The appalling bigotry and bias of London’s police force has been obvious for years – and the police leadership does not appear inclined to do anything about it, writes CLAUDIA WEBBE

A general view of Charing Cross police station in London

LAST WEEK, the BBC in its headline reported a “hidden culture” of racism and misogyny in the Metropolitan Police. In its article announcing its findings, the BBC said that “Serving Metropolitan Police officers called for immigrants to be shot, revelled in the use of force and were dismissive of rape claims in footage captured by a Panorama undercover reporter.”

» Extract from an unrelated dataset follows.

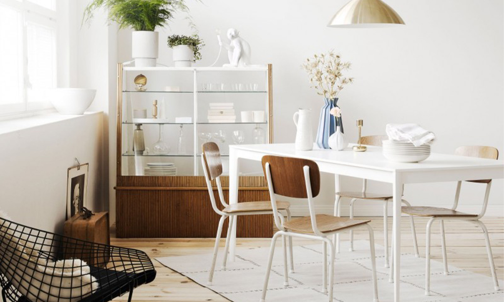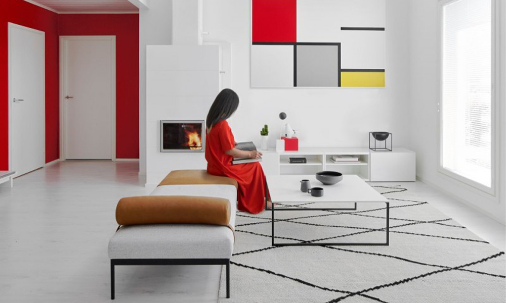 Graafilised mustrid annavad ruumile uue dimensiooni ja see on väga nutikas viis hoida ruumi huvitavana. Lisa valges interjööris aktsendiks õhukeste mustade jalgadega mööblit, säravatest toonides vaipu ja maale.

But even the BBC’s article confirmed that its own headline was misleading. It goes on to note that: “The evidence of misogyny and racism challenges the Met’s promise to have tackled what it called ‘toxic behaviours’ after the murder of Sarah Everard by a serving police officer.”

The article lists, among other horrific examples, a male sergeant dismissing evidence of a domestic abuser stamping on the stomach of a pregnant woman; other officers discussing the murder and castration of immigrants for as little as “overstaying their visa”; one male officer offering to provide a statement blaming an arrested man after another officer broke the man’s leg and describing immigrants as “scum” and an “invasion”; another describing how to snap an arrestee’s finger tendons in order to take fingerprints by force; and another on his first meeting with the undercover reporter, happily recounting how he had repeatedly “whacked the shit” out of a restrained man and got away with it.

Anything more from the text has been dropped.